Capability Spoofing¶

Threat: Malicious agent claims max_eval_tier: 0 to avoid deep evaluation

Mitigation: - ACL tier determines minimum eval tier requirements - ACL-4+ MUST use Tier 2+ for critical actions regardless of contract - Stewards MAY reject SYNC with insufficient capabilities

Real-World Example¶

Customer Service Agent (Hybrid Pattern)¶

class CustomerServiceAgent:
    def handle_request(self, request):
        # Classify risk
        if request.type == "get_balance":
            contract = self.low_risk_contract()  # Tier 0, 100ms
        elif request.type == "update_address":
            contract = self.elevated_risk_contract()  # Tier 1, 300ms
        elif request.type == "refund":
            contract = self.critical_risk_contract()  # Tier 2, 5s

        # Submit with contract
        response = self.steward.evaluate(request, contract)

        # Handle timeouts
        if response.governance_status.timeout:
            if contract.fallback_behavior == "escalate":
                return self.queue_for_human_review(request)
            elif contract.fallback_behavior == "cached_decision":
                return self.use_cached_decision(request)

Results: - 70% of actions (balance checks): <100ms (Tier 0) - 25% of actions (updates): <300ms (Tier 1) - 5% of actions (refunds): <2s (Tier 2, 99^th percentile) - Overall cost: 60% reduction vs. universal Tier 2 evaluation - Overall latency (95^th percentile): 200ms vs. 1000ms without contracts

Next Steps¶

Read the spec: ACGP-1010: Governance Contracts
Interactive tool: Latency Calculator
Architecture reference: ACGP-1002 8.6: Architecture Patterns

FAQ¶

Q: Are governance contracts required?
A: No. They're an optional extension. Default behavior (uniform evaluation) still works.

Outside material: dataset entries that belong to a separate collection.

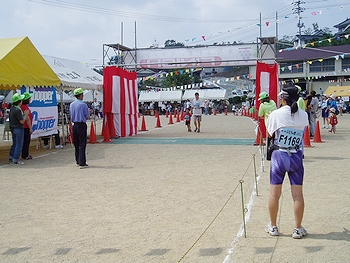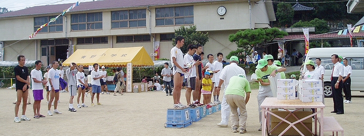 外は小雨が降っています様子で、このため一層よく眠れましたのかも(^.-)☆朝食を取りながら朝刊に眼を通していますと、昨日のマラソン、早速、中国新聞に掲載がありましたネ(^.-)☆《ブドウ畑駆ける 井原でマラソン》--- 2005/09/19 中国新聞 ---ブドウの産地、井原市青野地区を舞台に十八日、「ぶどうの里ふれあいマラソン」(青野公民館主催)があった。青野小を発着にする二十キロと五キロのコースに、十八都府県から三〜九十二歳の七百六十九人がエントリー。高低差百五十メートルのアップダウンの激しいコースに挑んだ。号砲を合図に、二十キロと五キロの参加ランナーたちが順次スタート。秋晴れの強い日差しの中、たわわに実ったブドウ畑の間を、汗を光らせながら駆け抜けて行った。沿道では住民たちが盛んに声援を送っていた。ゴールした参加者には、地元の生産者が提供した食べ放題のブドウが振る舞われた。五キロコースを完走した岡本恵里さん(27)=岡山市=は「きつかったけど、走り終わった後のブドウは最高ですね」と、おいしそうにほおばっていた。十四回目となる同マラソンは、住民ら約二百人が運営に協力し開かれている。各部門の1位記録と上位入賞者は次の通り。(敬称略)■20`--- 男子44歳以下 ---
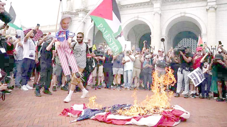 واشنگٹن: امریکی نائب صدر اور ڈیمو کریٹس کی اگلے صدارتی انتخاب کیلئے امیدوار کملا ہیریس نے چہارشنبہ کے روز واشنگٹن میں امریکی پرچم جلانے کی مذمت کی ہے۔ یہ پرچم
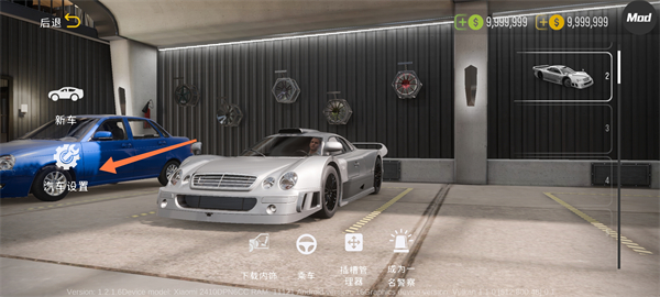 1、打开游戏后,可先利用无限金币自由购买心仪的跑车。
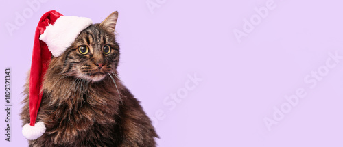 © Pixel-Shot, Naklejka premium Cute cat in Santa hat on lilac background
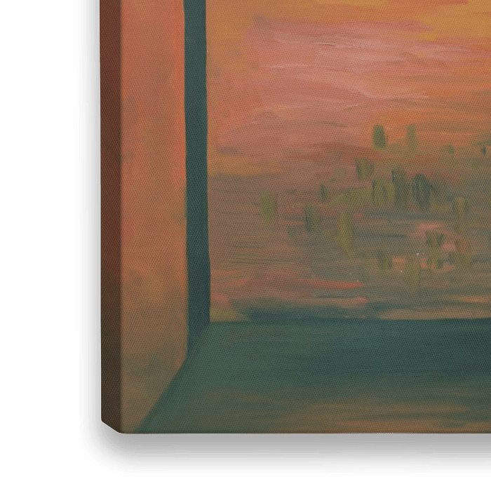 Dieses Ölgemälde zeigt die Silhouette einer Frau, die mit einem Kleidungsstück über dem Arm zu gehen scheint. Die Frau geht durch ein großes Tor, hinter dem sich vage die Umrisse einer Stadt abzeichnen. Das Gemälde enthält nur zwei Hauptfarben: Schwarz für die Frau und das Tor und verschiedene Orange-Töne für den Himmel und die Stadt. Das Orange verleiht dem Gemälde eine warme Atmosphäre, die den Eindruck erweckt, dass die Frau im Abendlicht spazieren geht. Das Original wurde auf einer 50x60 cm großen Leinwand gemalt.
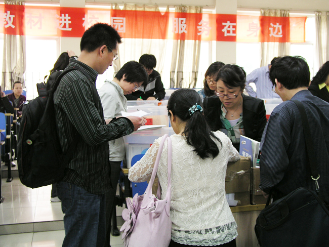 此次活动得到了北京工商大学的大力支持。活动当天,现场氛围很好,一些老师一边挑选图书,一边向代办站及出版社工作人员了解图书的详细情况,认真做笔记,有些教师还在样书领取处填写样书领取单。
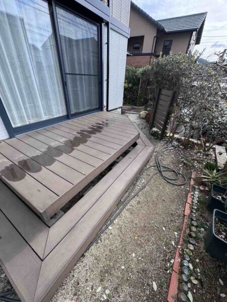 今回の現場でも、建物と境界線の間の限られたスペースでウッドデッキの高さまで
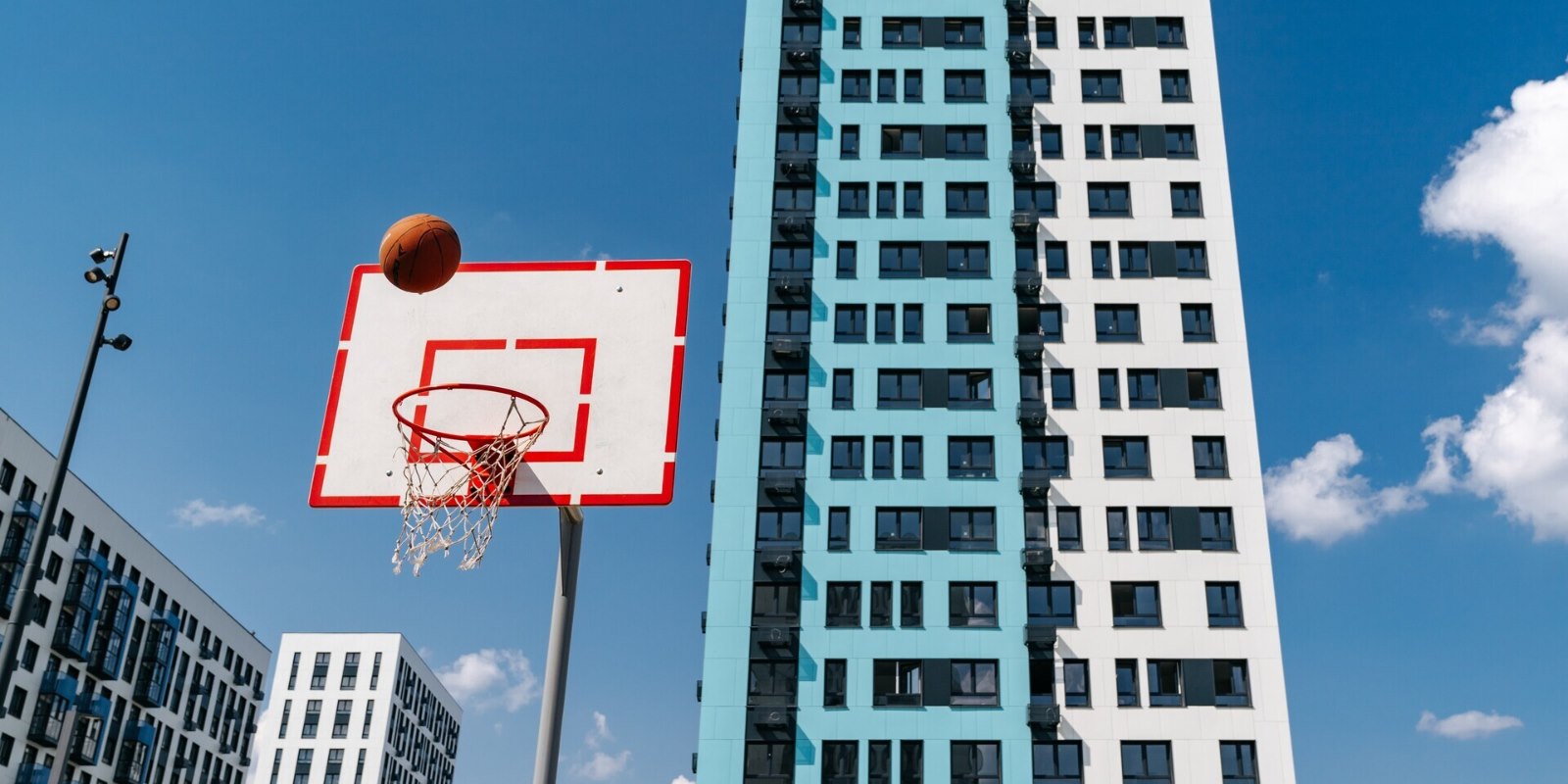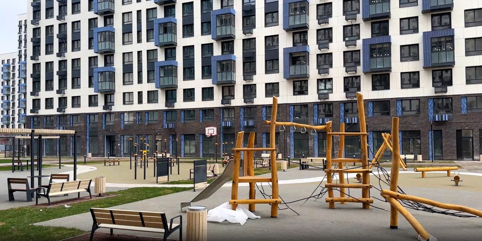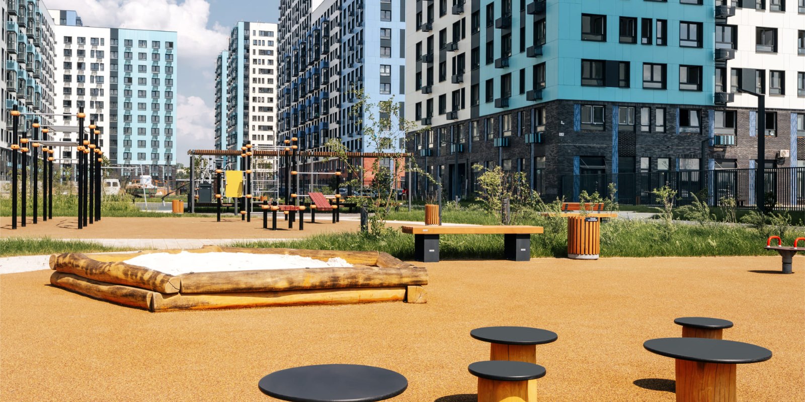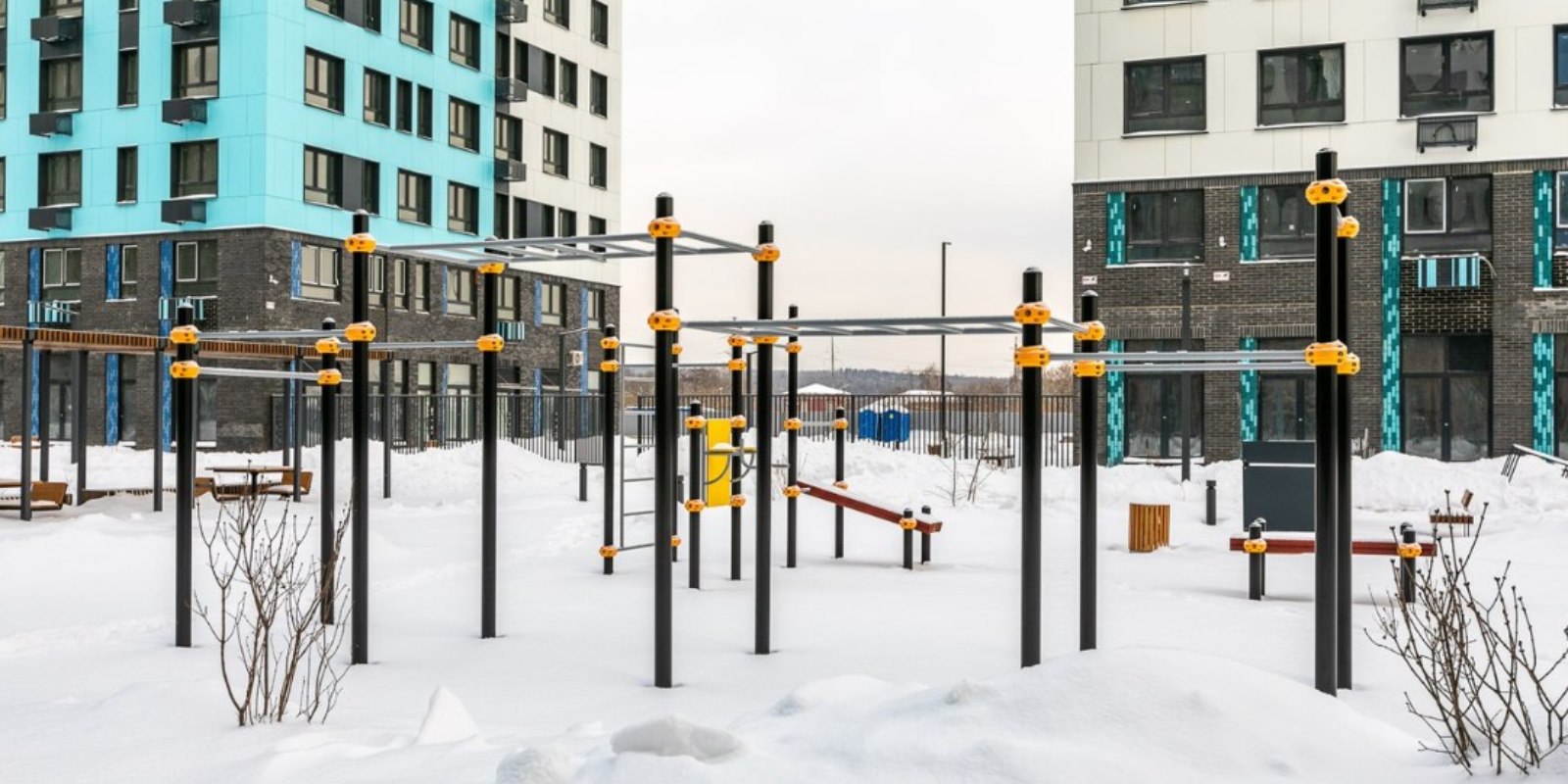 Для занятий спортом - современная воркаут-площадка, лужайки для йоги. Футбольное и баскетбольное поля находятся за пределами двора.
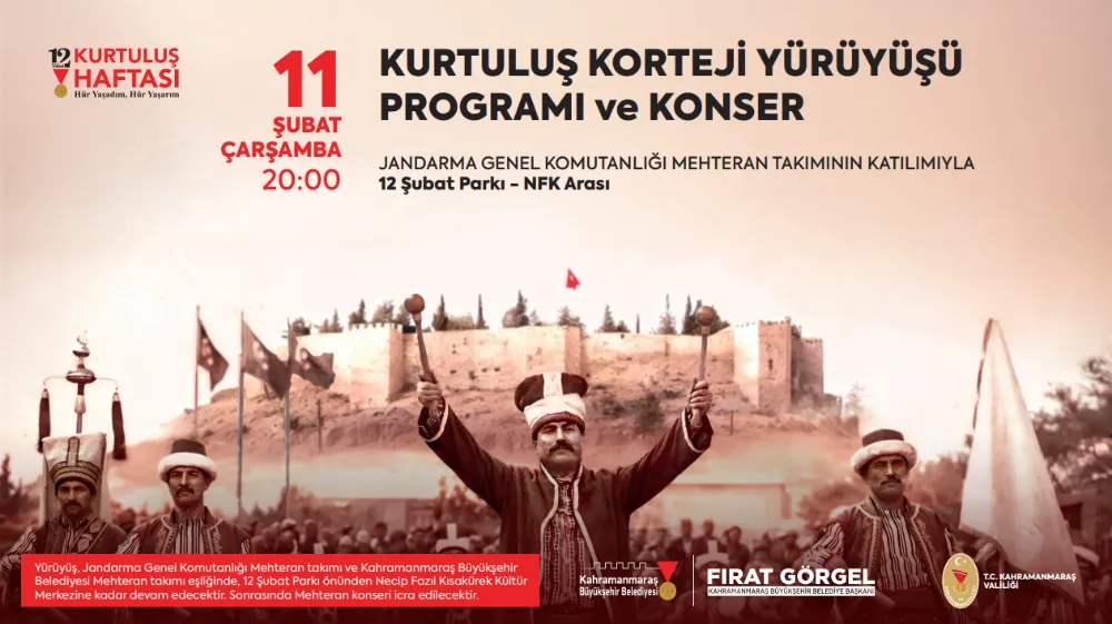 11 Şubat Çarşamba günü, Jandarma Genel Komutanlığı Mehteran Takımı’nın katılımıyla Kurtuluş Korteji Yürüyüşü Programı ve Konser etkinliği ile şehrin bağımsızlık ruhu meydanlara taşınacak. Şehir protokolünün de katlımı ile saat 20.00’da 12 Şubat Parkı’ndan Necip Fazıl Kısakürek Kültür Merkezi’ne kadar kortej yürüyüşü düzenlenecek. Yürüyüş sonrası ise mehteran konseri düzenlenecek. Yürüyüş boyunca vatandaşlar ellerinde Türk bayrakları ve meşalelerle kurtuluş coşkusuna ortak olacak.
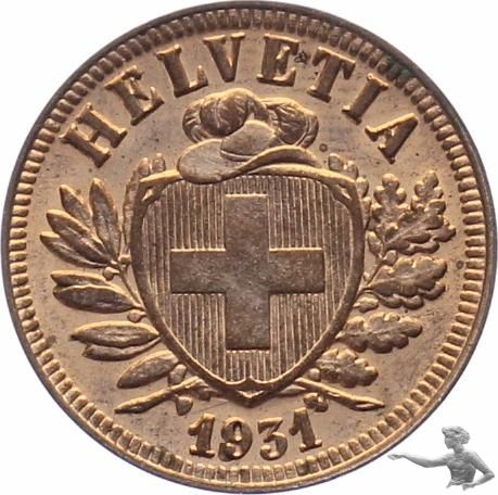 2 Rappen 1931 B TOP STEMPELGLANZ
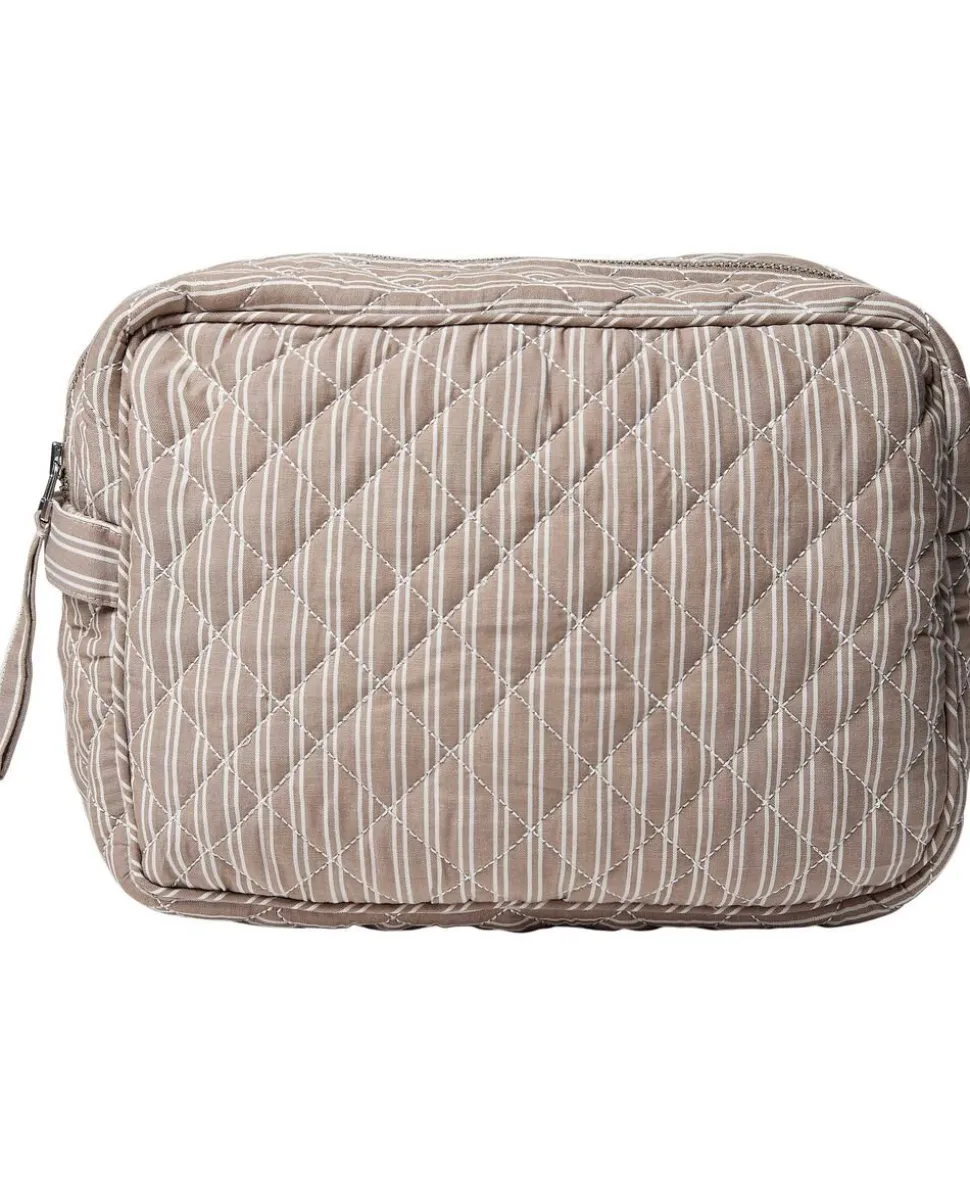 Toilettaske fra Magasin du Nord Collection i den blødeste kvalitet af 100% økologisk bomuld med GOTS-certificering. Toilettasken består af ét stort rum med lynlåslukning samt mindre inderlommer. Derudover har toilettasken et lille håndtag samt fine vatterede syningsdetaljer. En skøn toilettaske i den lækreste kvalitet.
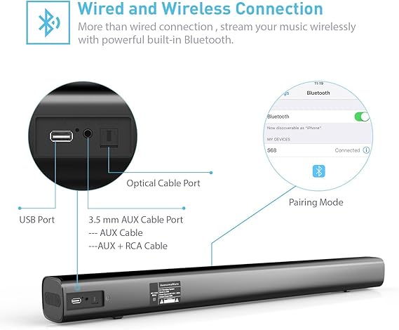 Amazon Com Sound Bar Wired And Wireless Surround Soundbar Bluetooth Audio Speakers For Tv 29 5 Inches 2 0 Channel Home Theatre Sound System With 50 Watts Speakers Aux Optical Usb Bt Input Modes Home Audio Theater
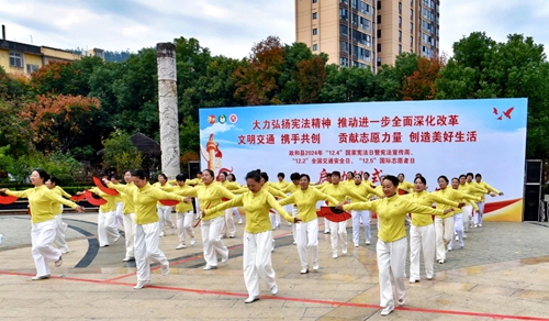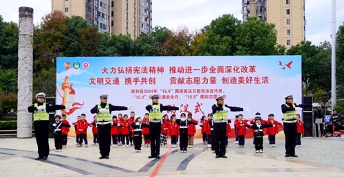 交通手勢操 魏樂 攝 12月3日,政和縣在市民廣場舉行以“大力弘揚憲法精神,推動進一步全面深化改革”為主題的“12.4”國家憲法日暨憲法宣傳周、“12.2”全國交通安全日、“12.5”國際志愿者日宣傳活動啟動儀式。 活動現(xiàn)場,全縣各單位工作人員結(jié)合各自部門的工作特色,通過發(fā)放宣傳冊及紀念品、展示知識展板、有獎問答等方式,向市民宣傳《中華人民共和國憲法》《中華人民共和國民法典》《中華人民共和國婦女權(quán)益保障法》以及道路交通安全、消防、禁毒、反詐等與百姓日常緊密相關(guān)的法律法規(guī),并對這些法律法規(guī)進行詳細解讀。

Q: Can I use contracts with MCP/A2A integrations?
A: Yes, if both sides support governance contracts. Capability negotiation happens during SYNC.

Q: What if steward doesn't support my requested tier?
A: Steward returns available tiers in SYNC_ACK. Agent must adapt or fail gracefully.

Q: Do contracts override ACL tier rules?
A: No. Contracts work within ACL constraints. ACL-5 agent can't request Tier 0 for critical actions.

Q: How do I measure if contracts are helping?
A: Monitor governance_status.actual_latency_ms and fallback_used fields in ReflectionDB audit logs.